I give thanx for a link, to a piece by Chris FLoyd, embedded in a generously brief post by my own personal rabbi of marx-sizzle-ism, the cranberry muffin king among list-masters, Lou Proyectile. 'Cause here is the ultimo locus-loco of the "Uncle's Borg cubes sap our humanity" riff. Title: "The Limited Minds of the American Elite":
1) Project and prospect:
"We could easily dismantle the empire -- carefully, safely, with deliberation -- over the next ten years. It is a reasonable, moderate, serious option. It would not require violent revolution or vast social upheaval...Such an alternative is entirely achievable, by ordinary humans; it would require no divine miracles, no god-like heroes to bring it about."Vision of the chance to make America anew:
"Dismantling of America's global military empire -- and its global gulag -- would save trillions of dollars in the coming years. Not only from direct military spending, but also from the vastly reduced need for "Homeland security" funding in a world where the United States was no longer invading foreign lands, killing their people, supporting their tyrants -- and inciting revenge and resistance.2) The jinxers:This would release a flood of money for any number of "new domestic initiatives," while also giving scope for deep tax cuts across the board. Working people would thrive, the poor, the sick and the vulnerable would be bettered, businesses would grow, opportunity would expand, the care and education of our children would be greatly enhanced [but] those who have feasted so gluttonously for so long on blood money would not be quite as rich as they are now."

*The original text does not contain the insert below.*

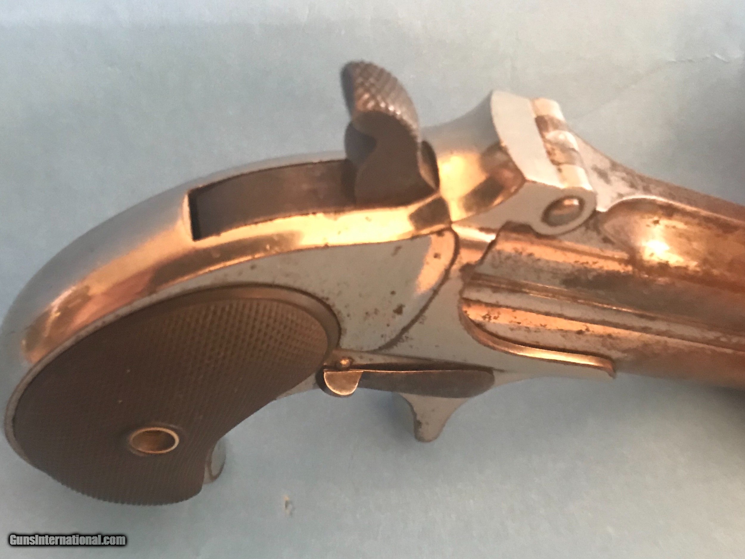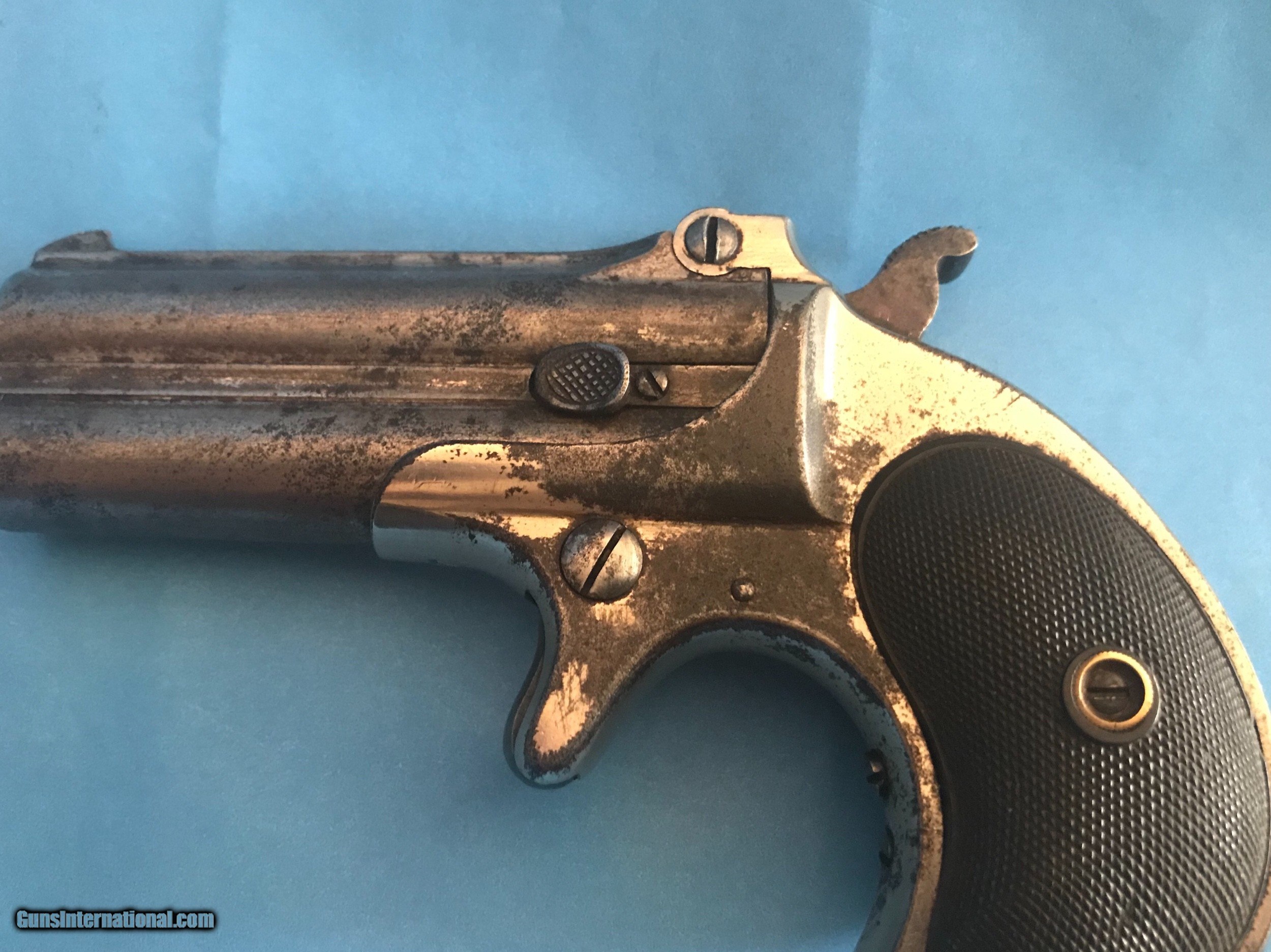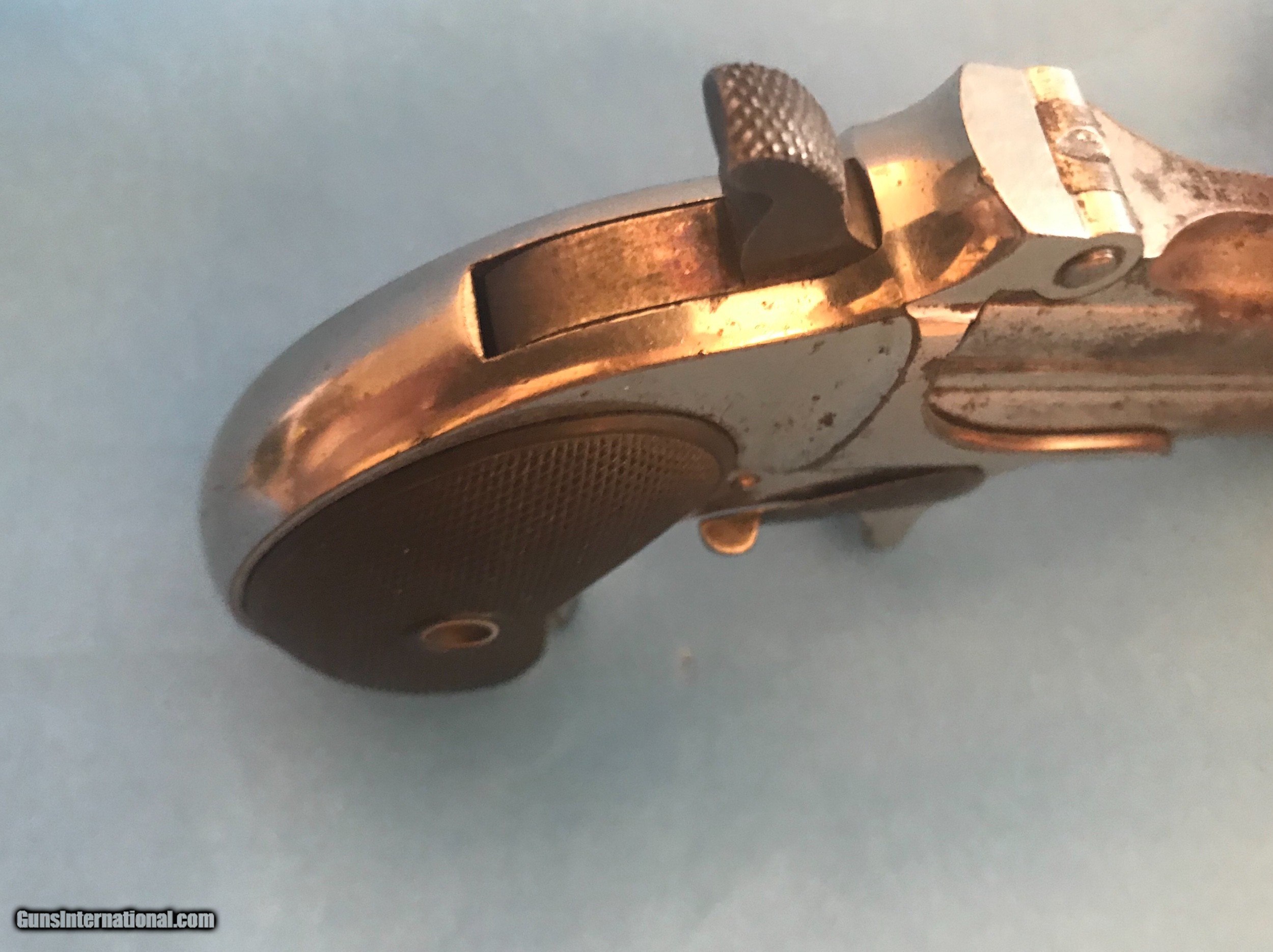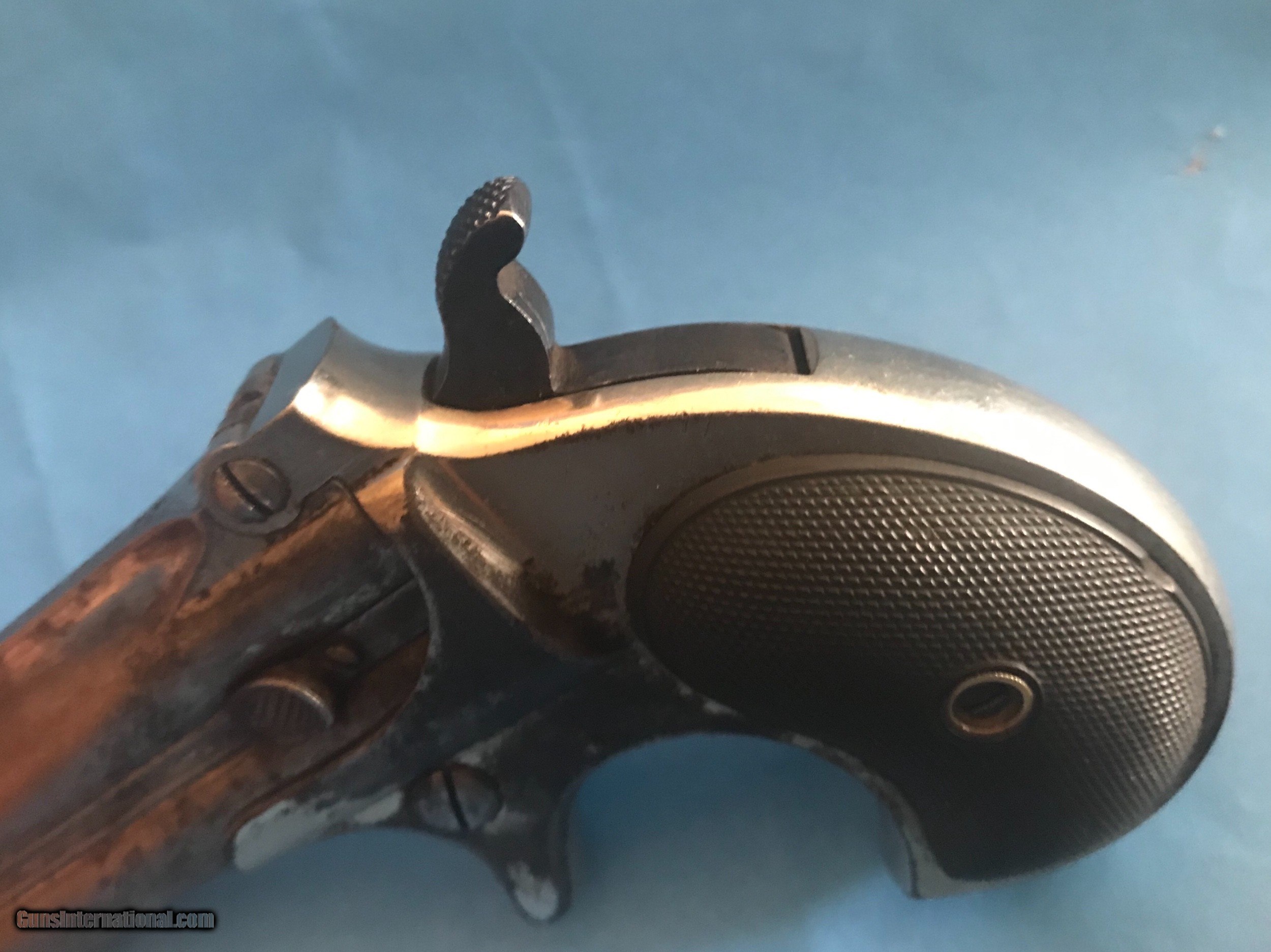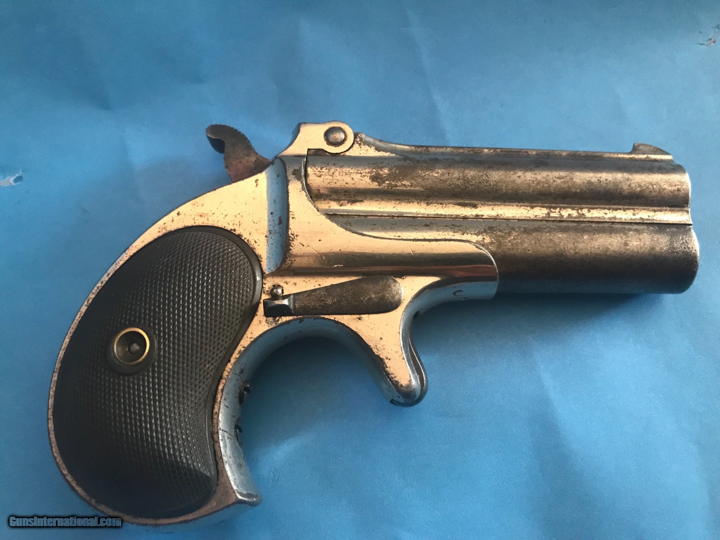 Description: Remington .41 cal O&U. Antique model 95 Nice all original Remington Derringer with moderate wear it retains about %45 original nickel the remainder of the Derringer is common smooth wear, the grips are original, and are in very good condition, the bores are about 9.5 bright and shiny. SOLD Antique: Yes Manufacturer: Remington Model: 95 O & U Serial Number: 2542 Barrel Length: 3” Caliber Info: .41 Condition: Above average Bore Condition: Nice Finish: Nickel Manufacture Date: Antique |

"Such a society is precisely what our elites cannot -- or, to be more accurate, will not -- imagine. Because, yes, it would "erode" their "influence" around the world to some extent. Although they would still be comfortable, coddled and privileged, they could no longer merge their individual psyches with the larger entity of a globe-spanning, death-dealing empire -- a connection which, although itself a projection of their own brains, gives them a forever-inflated sense of worth and importance... our elites.. can no longer fathom life without the exercise -- and worship -- of unrestricted power that empire entails. They will not accept -- or even contemplate -- any alternative to it."3) The challenge:
"Empire -- the imposition of dominion by violence and threat of violence, and the financial and moral corruption this breeds, the malevolent example it sets at every level of society -- is the canker in the body politic. Until it is dealt with, there will be no healing, no hope, no change -- just more degradation and disaster all down the line."No doubt it would be a great thing if Uncle took the Chalmers Johnson opt-out route. But there is no discussion of how the rest of the globe might reconfigure itself after Uncle walks away from his empire role -- apparently in ten annual steps.
Say we accept this Gedanken Swedenizing of Norte America for a moment. Uncle Sven's neat new inward-looking gig would not spell an end to global empiring, would it? Peripheral national liberators would still find their task unchanged -- they would in the end succeeed only by playing off the contradictions between the successor "great powers".
Now to the pious reform of the metropole named America itself. Goo-goo strugglers, prepare yourself: we can at best only impede the borg machines. We cannot choose to dismantle the borgs by means of majority rule. It's against the laws of Clio.
If it looks to some of us hopeful sorts like it might happen anyway, bet on this: Clio will soon enough show us otherwise through her faithful agents, our guardian class. They are a global sort now, unlike their great- great- grandfathers. They are not narrow nationalists and the love of global "influence" -- let alone the joys of a psychic "merge" or "projection" -- has nothing fundemental to do with it.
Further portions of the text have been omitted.